It’s been a busy year for the Federation of American Societies for Experimental Biology (FASEB). As always, advocating for science funding was a top priority. In 2015, many of FASEB’s messages echoed prominently in legislation, indicating that our work is making a difference. For example, the Federation was influential in shaping the final version of the 21st Century Cures Act, and the 2016 Omnibus Appropriations bill contained FASEB’s recommended funding increase for the National Institutes of Health (NIH).
Investment in research funding wasn’t the only issue we focused on this year. When NIH announced the development of new requirements for grant applications to address research rigor and reproducibility, FASEB quickly began to develop strategies to help scientists navigate the new policies.
FASEB stepped up efforts to inform the public about the benefits of biomedical research with the release of four new articles in our Breakthroughs and Horizons in Bioscience publications. We addressed issues affecting the biomedical workforce with an important study published in The FASEB Journal on the decline of the number of postdocs in the United States. The Federation also grew by three new member societies.
And these were just the highlights. Here’s a list of some of this year’s top initiatives:
We kicked off the year by unveiling a long-anticipated analysis of the threats to continued progress in biological and medical science research. Sustaining Discovery in Biological and Medical Science: A Framework for Discussion examines the challenges facing researchers and presents a series of recommendations to alleviate them. The document, released in January, was developed over a two-year period in an effort that included extensive data analyses and roundtable discussions.

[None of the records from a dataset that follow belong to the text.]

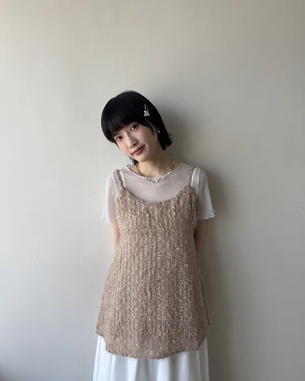 日系感立體羽毛短版背心 2colors
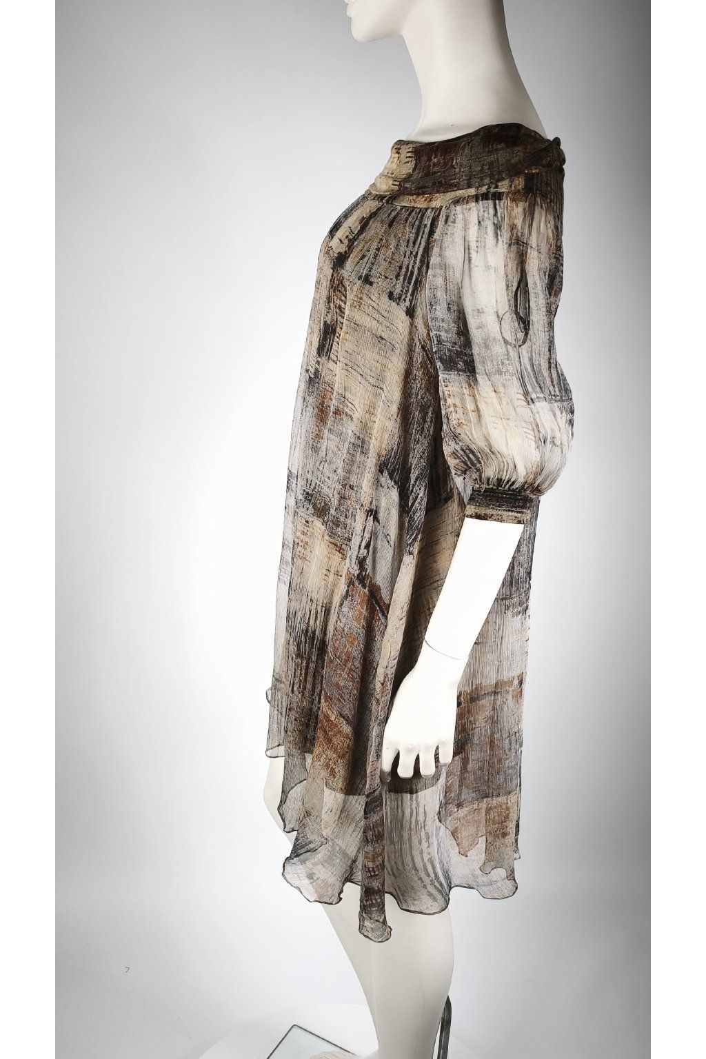 Elegantné šaty s umeleckým vzorom v zemitých tónoch, ideálne pre štýlové príležitosti.
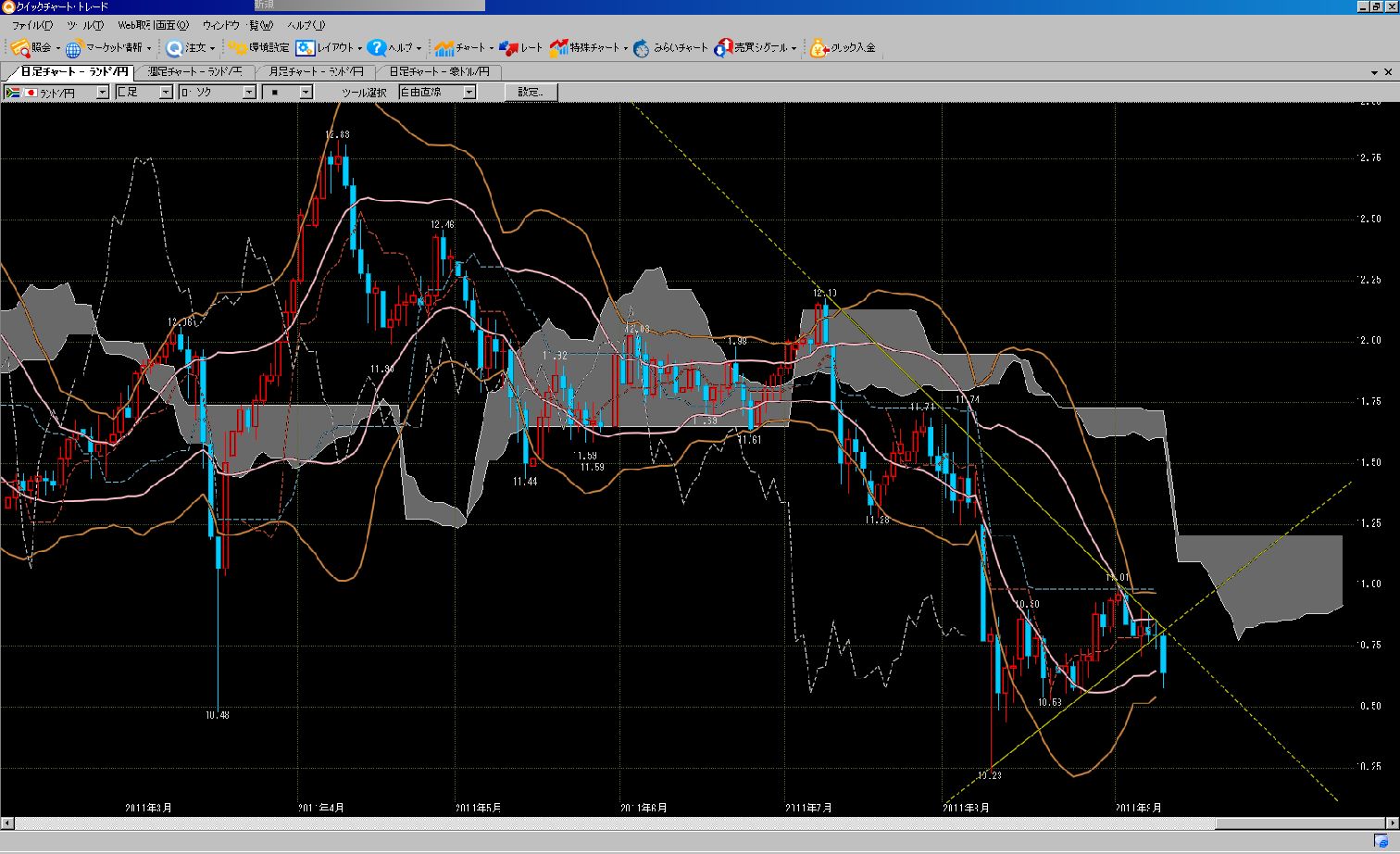 ランド円の日足チャートをみてみました。【2011/09/09 ランド円 日足】 つっつくと大きくなります。なーんかやな感じです。。。。ボリバンが狭くなっているところへきてなんか下方ブレイクしちゃっているような格好です。10.56~58あたりを下へぬけないことを祈りつつ、月曜の上げに期待したいかなと思います。そうすれば、薄い雲がまっているので付きぬけやすいかなぁと。(10.85あたりをぬけれれば・・・・)ついでに豪円もみてみました。【2011/09/09 豪円 日足】 つっつくと大きくなります。ざる円と同じですね。。。ただ、ざる円よりも雲の薄い箇所が近いです。ボリバンもすぐしたに控えてくれているのでサポートしてくれそうだし、なんとなく、雲を上ぬけやすそうな感じがします。遅行線もチャートにかかってるので、ちょっときつそうですが、ふんばってほしいな。注:これは予想ではなく、チャートみた感想です。よろしかったら、Twitterのフォローをお願いしますm(_ _)m@meime3By TwitterButtons.net

In the discussion framework, FASEB called for greater use of shared resources to extend the value of funding and provide greater access to new technologies. Later in the year, FASEB launched a new subcommittee to lead efforts related to shared instrumentation, core facilities, and other resources that can be jointly utilized by research groups.
FASEB goes to Congress
In April, our largest Capitol Hill Day ever brought 50 scientists from 27 states to Washington. Representatives of 21 FASEB member societies and seven of the eight biomedical science chairs associations met with more than 100 members of Congress and congressional staffers to advocate for sustainable and predictable funding increases for NIH, the National Science Foundation (NSF), and the competitive research program at the Department of Agriculture.
And participation in Hill Day reached far beyond the nation’s capital. On Twitter, FASEB’s posts and photos reached more than 100,000 Twitter users across the globe and the Chronicle of Higher Education mentioned the event in an article. Next year’s Capitol Hill Day will be held on March 3.
Later in April, FASEB’s President Joseph R. Haywood, PhD, was selected to testify before the House Appropriations Subcommittee on Labor, Health and Human Services. In his testimony, Haywood underscored the importance of sustained, predictable increases in research funding and asked the subcommittee to consider a five year commitment to a five percent annual increase to help restore the buying power of the NIH budget, which has declined by more than 22 percent since 2003.
We tackled the rigor and reproducibility of biological research
In response to a rising tide of concern about the replicability, reproducibility, and generalizability of published research, FASEB led a discussion about scientific rigor and reproducibility during its annual Science Policy Symposium. The conversation helped raise awareness of ways in which scientists can improve the reproducibility of reported research findings.
Following the success of the symposium, FASEB convened additional expert panels to discuss the challenge to rigor and reproducibility in scientific studies involving mouse models and antibodies. As part of our commitment to developing processes and policies to foster objectivity and ensure rigor, we will issue recommendations to facilitate investigator compliance with new NIH guidelines on reproducibility in January 2016.
We published notable findings on the scientific workforce
After more than 30 years of steady growth, the number of postdoctoral fellows in the biological and biomedical sciences in the United States is declining, according to a study published in The FASEB Journal. The study shows that despite continuing increases in the number of PhD students, there was a 5.5 percent loss in the postdoctoral population from 2010–13, the most recent survey year. The findings have important implications for the biomedical workforce.
BioArt reaches new highs
Now in its fourth year, our BioArt image and video competition features visually compelling research produced by members of FASEB constituent societies and other federally funded researchers. This year’s images represent a wide range of research in the biomedical and life sciences, from the study of Ebola virus proteins to nanoscience that targets drug delivery to particular cells.
Winning entries were shared by the NIH Director’s blog and publications in nine countries across the globe, including Gizmodo.com in the United States, France’s Le Monde, and Walla! in Israel, and will be displayed at the NIH Visitor’s Center in 2016.’